Of course, I should be mortally offended by your making a joke out of something so serious... but I do the same thing.

As I tell you what it feels like, don't feel I'm patronizing you. For me, belief in a God is very relieving. I'll give you that.


Probably a lot of people can tell just from the way I write/act here on YWS that I'm religious in some nature. I believe in the Christian God, known as Elohim, Yahweh, Jehovah, and God, by a lot of people. I suspect that this God "feels" different than other Gods.

I've been a believer for as long as I remember. I can't remember a time when I didn't believe and trust in God.

For me, it feels as though a huge burden has been taken off my back. I believe the verse that reads, "All things work together for good for those who trust God." Where can I go wrong with that kind of information?

The Bible says that the sum of our existence is to glorify Him. Basically, I see our lives as TV shows that God watches for fun. I'm pretty sure that after a few trillion years, it would get to be kind of boring to be an omnipotent, omniscient God.

I think that's why He created us with free will. Any writer can appreciate how when you make a good set of believable characters, the story almost writes itself. That's what I think God did.
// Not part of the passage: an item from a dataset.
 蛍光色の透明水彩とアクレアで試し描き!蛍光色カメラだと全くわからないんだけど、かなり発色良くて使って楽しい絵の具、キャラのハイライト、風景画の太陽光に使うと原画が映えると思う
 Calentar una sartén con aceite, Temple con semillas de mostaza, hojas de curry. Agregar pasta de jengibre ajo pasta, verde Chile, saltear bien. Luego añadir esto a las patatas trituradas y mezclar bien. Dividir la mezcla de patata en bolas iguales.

Now that notion really bothers a lot of people. A lot of people don't want to think that God could be glorified by all the evil that goes on in this world. I don't think he is. Everybody knows the basic Adam & Eve story. They were tempted to arrogance by Santa... no, Satan... and then the world was sent into an irreversible state of sin.

It was our ancestors' fault.

That notion really bothers even more people. They say that it's not fair. I agree with them, but it doesn't bother me. I don't think God has to be fair. He's God... I'm just a little man. Who could care less?
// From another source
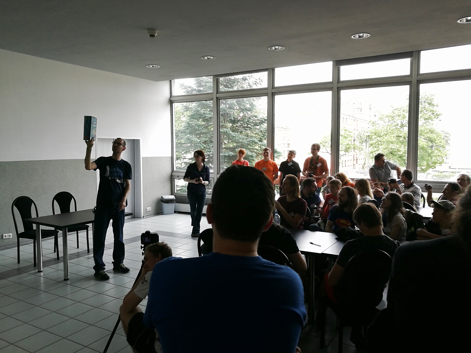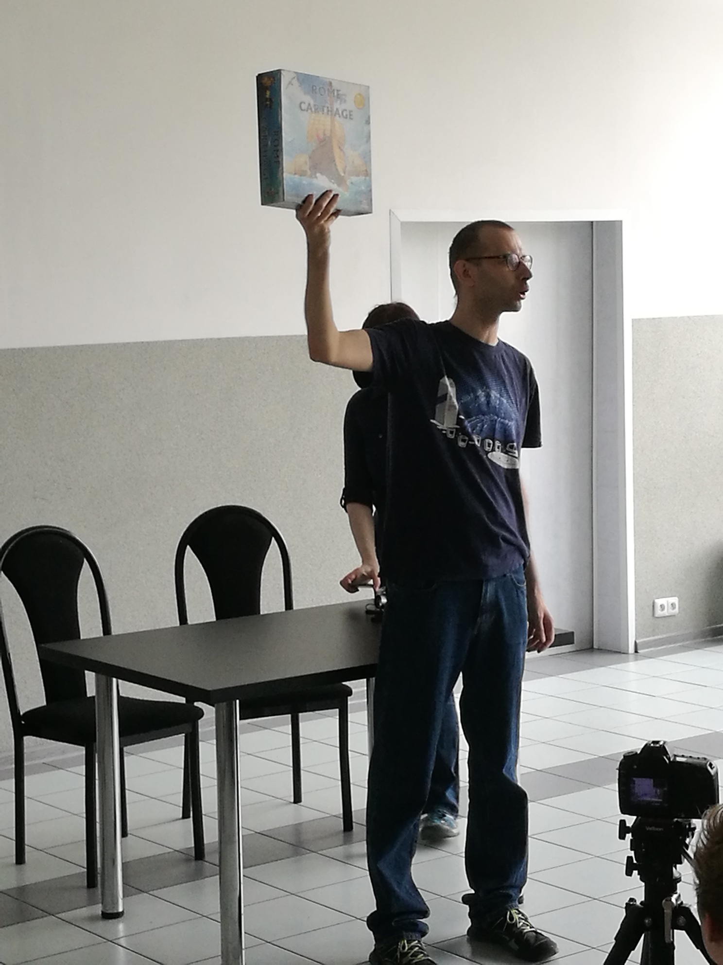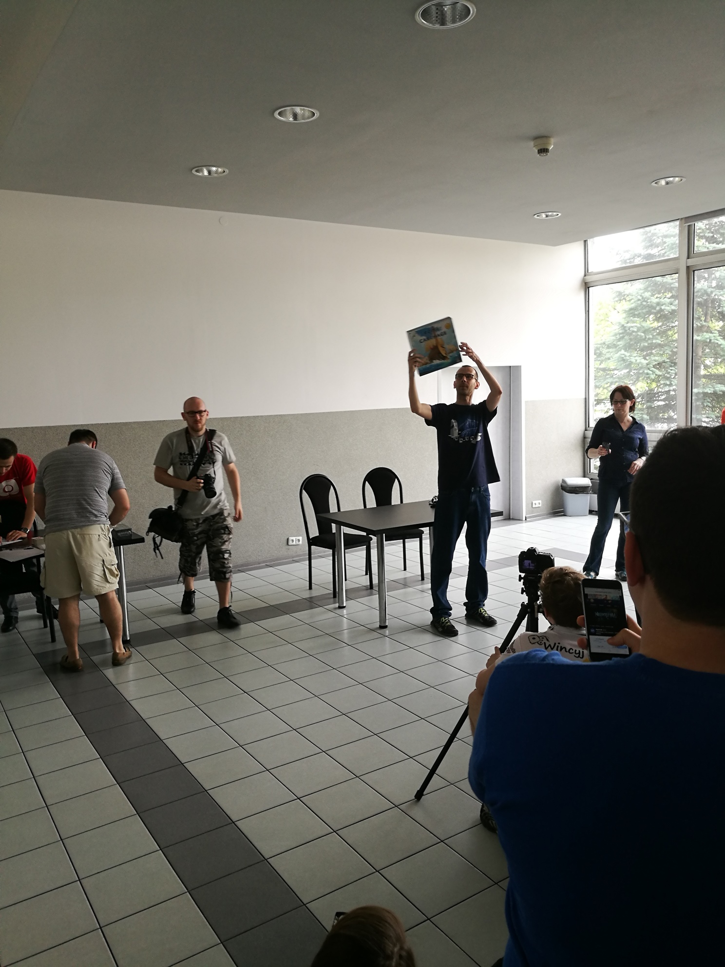 Na zewnątrz udało nam się spotkać Kaczmara, jednego z najpopularniejszych recenzentów na polskim youtube. Świetnie tłumaczy zasady gier, a jego recenzje są bardzo dobre i często zgadzam się z jego opiniami dotyczącymi gier. Kaczmar prowadzi kanał na YT o nazwie GeekFactorTv – zapraszam serdecznie. Po krótkiej rozmowie stwierdzam, że Kaczmar to bardzo pozytywny gość, także życzę mu powodzenia w rozwoju jego kanału.

But I find security in Jesus. Don't think I'm trying to be preachy, that's just where my solace comes in. The belief for me that God sent his own Son here to die for me is what puts my troubled heart to rest.

I have peace. I get it from God. Not from drugs, music, books, girls, or booze. So yeah... it feels really neat.

I don't really worry about dying, either. I believe I'll go to heaven when I die, so I have lost my fear of dying. This really bothers my mother, as you might imagine, but I seriously have lost all fear of physical harm. When I put the pain and discomfort of this life in perspective with an eternity in heaven, it just becomes very minimal.

No fear... I never thought anyone feel that way until I convinced myself that God was really in control and that I'd go to heaven when I die.

Again, I'm not trying to be preachy. This peace and lack of fear could all be from a serious self-delusion... but it works for me. And in the long run, if I die and all of what I've thought wasn't true... at least I was happy while I was here, and for the most part, I was a better person because of it.



There is a common stereotype of the Bible-believing Christian. That of a sappy-happy, goody-two-shoes, Timmy the Righteous character who never thinks bad thoughts or gets angry at people.

I fall about as far off that scale as anyone can. I wear black all the time, I play in a heavy-metal band called The Skullgrinderz. I want to get a full-back tattoo. I want to dye my hair orange. I've almost been arrested for getting in a brawl in a public restroom. I had to leave my last church because the people there thought I was a horrible kid and a bad influence for their kids.

I'm just that way. I don't think I'm sinning against God by doing any of it. And if I have, then I know that He forgives me. Again, it's peace.

You can't stereotype all the people who fall under the category of "God believers". There are plenty of people out there who would read my little blurb right here and decide I was an agent of the devil trying to spread confusion and lies. That's their problem, not mine, and they can take it up with God.

For now, I just live my life like I'm a character in God's TV show of life. I hope when I get to heaven, I can rewind it and watch the best parts again and again. I get a kick out of remembering them now. I only hope I'm as ironic when I get to heaven.


Again, I'm not trying to convert anyone. I'm not trying to spread the "good news". The question was: "What is it like?" I answered as best I could.


**And I'm sorry if there are a lot of punctuation and grammar errors in this, but I really didn't want to proof-read this since it's really, really long.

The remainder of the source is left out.